CloudTrail JSON Files: Indexing Recommendations

As you plan to index CloudTrail JSON files, consider these indexing recommendations for your object groups:

Recommendation	Effect
Use a default object group array flatten depth of 1, and Vertical expansion. These are settings in the Create Object Group interface controls.	Expand the top-level `Records` array to index its fields for flexible filtering and analysis support. Any arrays below level 1 are flattened to JSON strings, unless you configure additional array selection settings to specifically manage subarrays and nested objects.
Configure `Records.requestParameters`, `Records.responseElements`, and `Records.additionalEventData`, and `tags` `to index as JSON strings. (If there are fields in these arrays of interest, JSON Flex view transforms can pull them out for search or filter controls.)	In many CloudTrail logs, these arrays could contain hundreds of fields, such as over 2000 `Records.requestParameters.XXX` and over 1500 `Records.responseElements.YYY` fields. If vertically expanded, there would be many hundreds of filtering fields in Search Analytics, creating a very difficult list for users to look through and use. Many fields are unlikely to be useful for analytics (not filtering fields). Using a JSON string reduces that filter bloat and confusion for users without losing the data from the index.
Configure/blacklist the `tags` array to index as a JSON string.	The `tags` field is a common subarray within `Records` that could cause duplicate rows (and duplicate numeric field data used for analysis) during vertically flattening. By indexing `tags` as a JSON string, numeric fields are protected for metric aggregations, and row permutations are reduced.
Index numeric ID values like `Records.accountId` and `Records.recipientAccountId` as string data types.	As a best practice, override numeric IDs to set their data type to `string`. This allows users to do string-like searches on the IDs and also avoids problems where leading zeroes of numbers might be truncated during indexing.
Optionally, consider column renaming options to remove the `Records.` prefix to shrink the length of the resulting field and filter names.
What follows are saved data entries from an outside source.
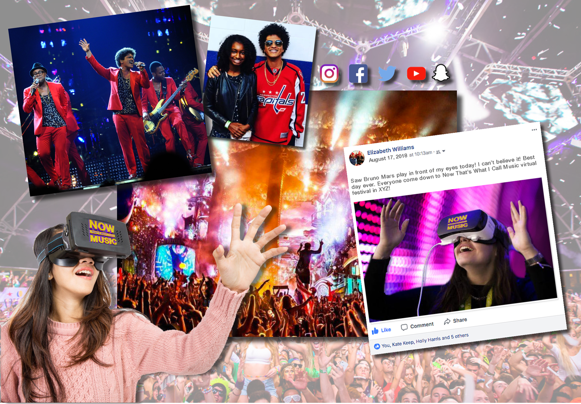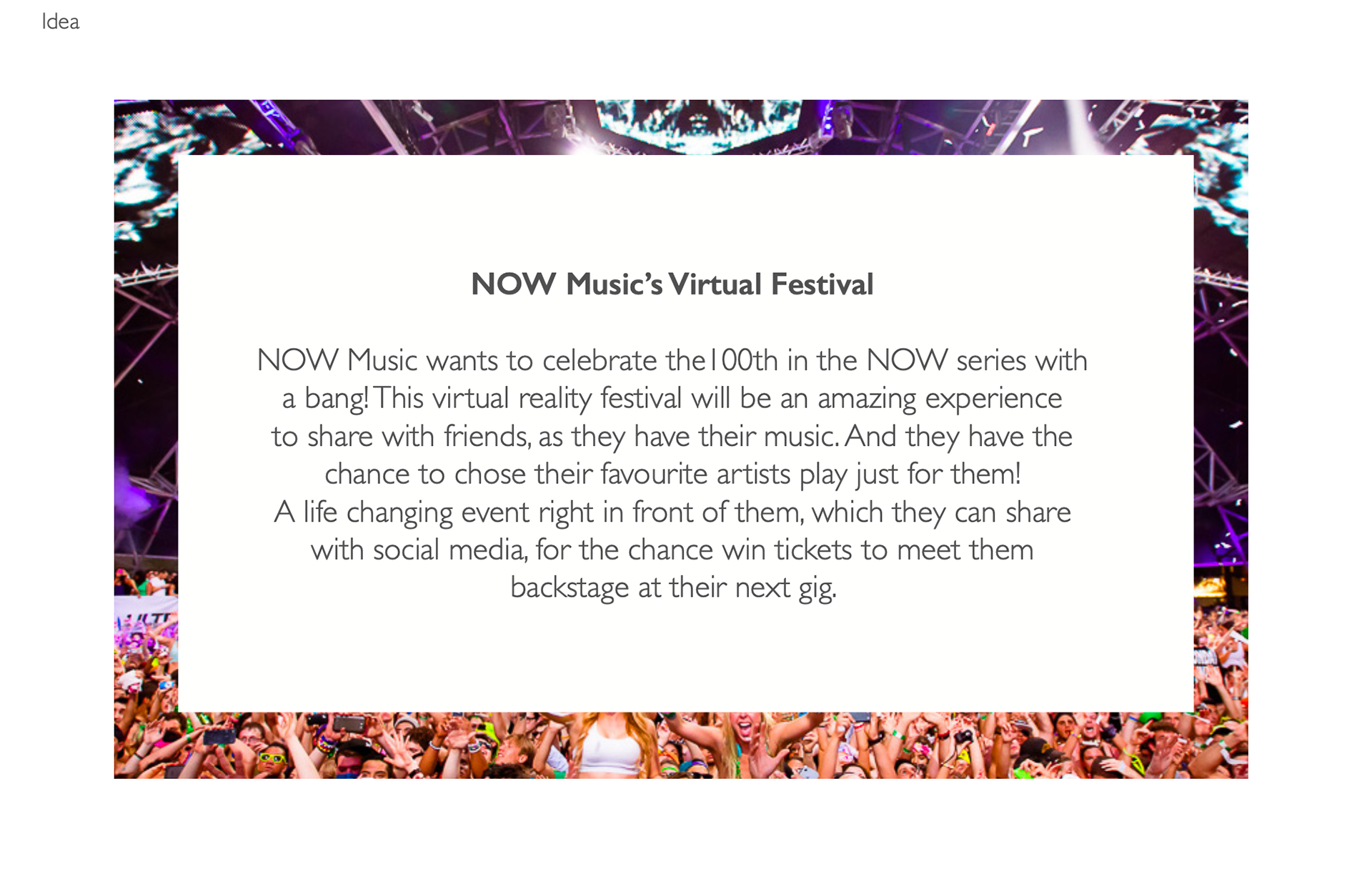 Developed event concepts for NOW Music to celebrate the 100th edition in the series, creating a festival-style live experience. The activation combined immersive visuals, interactive features, and curated music moments to deliver a memorable, energetic celebration that honored the milestone while engaging and delighting attendees.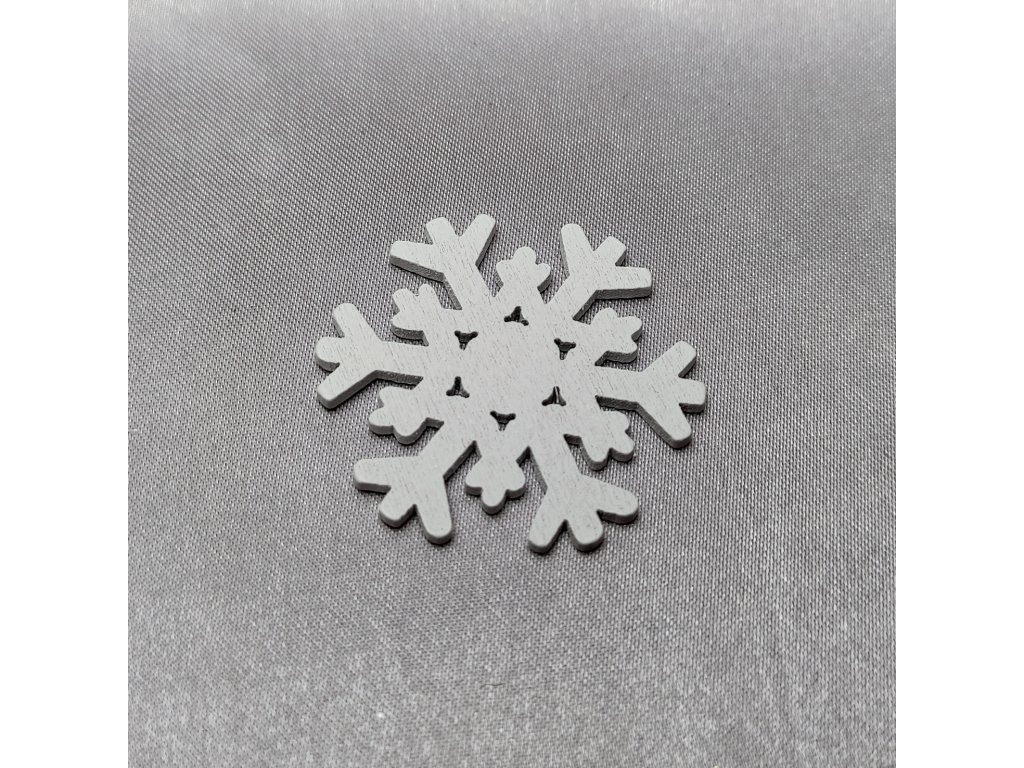 Dřevěná přízdoba ve tvaru bílé vločky se hodí zejména pro zimní a vánoční tvoření a zdobení.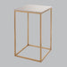 The Yarrow Side Table features an openwork gold boxed frame and is topped with white marble. Ideal for living rooms or hallways.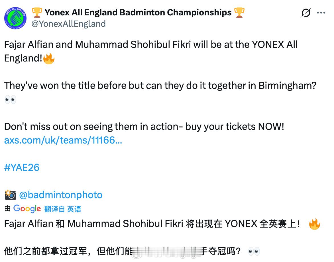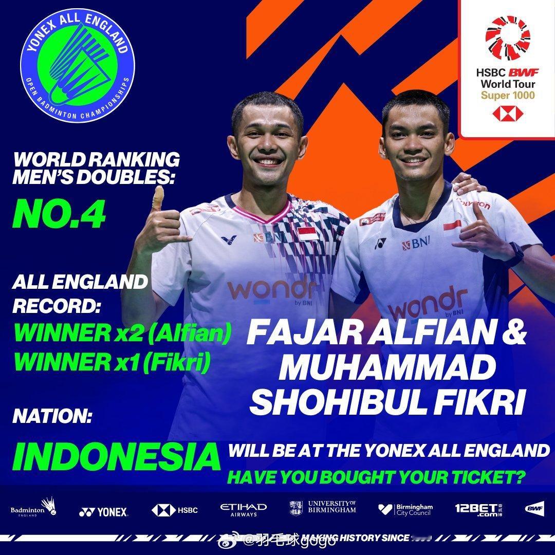 全英官方:曾经各自与不同搭档在全英夺冠的阿尔菲安/菲克里,会携手在2026年的赛事夺冠吗?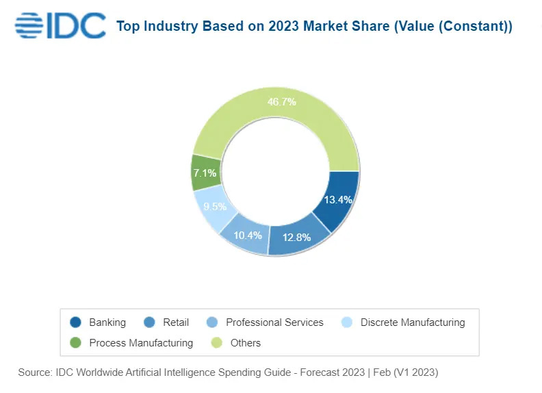 从地域上看,IDC 认为在整个预测期间,美国将占所有人工智能支出的一半以上。西欧占比预估为 20% 以上,中国排在第三(报告中并未提供量化的数字)。
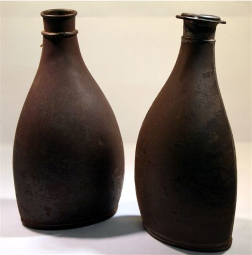 veldflessen. Afgeplat flesvormig model met kurk als ...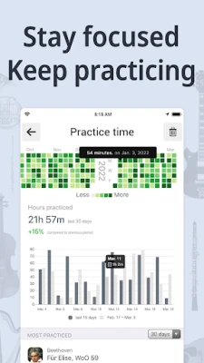 Wannan manhaja tana ba da cikakken goyon baya ga kusan kowace kayan kiɗa, tun daga piano, guitar, ukulele, mandolin, violin, cello, viola, bass, drums, flute, da harmonica, har zuwa kayan kiɗa masu canza sauti kamar B-flat clarinet, F horn, E-flat saxophone, da D-flat piccolo. Tana ƙunshe da yanayin daidaita sauti iri biyu: chromatic tuner don auna pitch da ƙarfin sauti, da kuma yanayin pitch fork. Haka kuma, zaka iya saita A4 frequency naka (default 440Hz), rikodin wasanka da integrated one-touch recorder, har ma ka loda kayan kiɗan ka na kanka don yin atisaye tare da su. Akwai kuma yanayin metronome na hasken walƙiya, mai amfani a wurare masu amo, inda zaka iya ji da gani bugun metronome ta hanyar walƙiya, har ma ka jefa hasken a bango don dukan bango ya yi walƙiya tare da bugun. Wannan kayan aiki na kwararru yana ba da iko mai kyau kan BPM, mai gano BPM, da kuma mai bin diddigin lokacin atisaye.

Column renaming can be helpful for giving fields more user-friendly names.	Because the CloudTrail logs start with a `Records` array, the indexed fields will begin with that prefix, such as `Records.errorCode` and so on. A `colRenames` rule can remove the prefix and rename confusing field names to make fields easier to interpret and find.

The following sections provide some examples of the JSON settings for the array processing, tags management, and column renaming.

👍
With JSON Flex, JSON string columns have valuable analysis capabilities.
The fields and properties inside a JSON string can be searched using standard text search operations in Search Analytics or SQL Analytics. With JSON Flex, there are more options for using the JSON string fields in the Refinery views. When you create the Refinery view for the object group, you can use the Materialize with JSONPath or Materialize with JQ schema transformation to create one or more materialized columns from a JSON string value for filtering and some limited aggregations. You can use the Treat as Nested JSON transform to make a JSON string searchable with Elastic nested query expressions.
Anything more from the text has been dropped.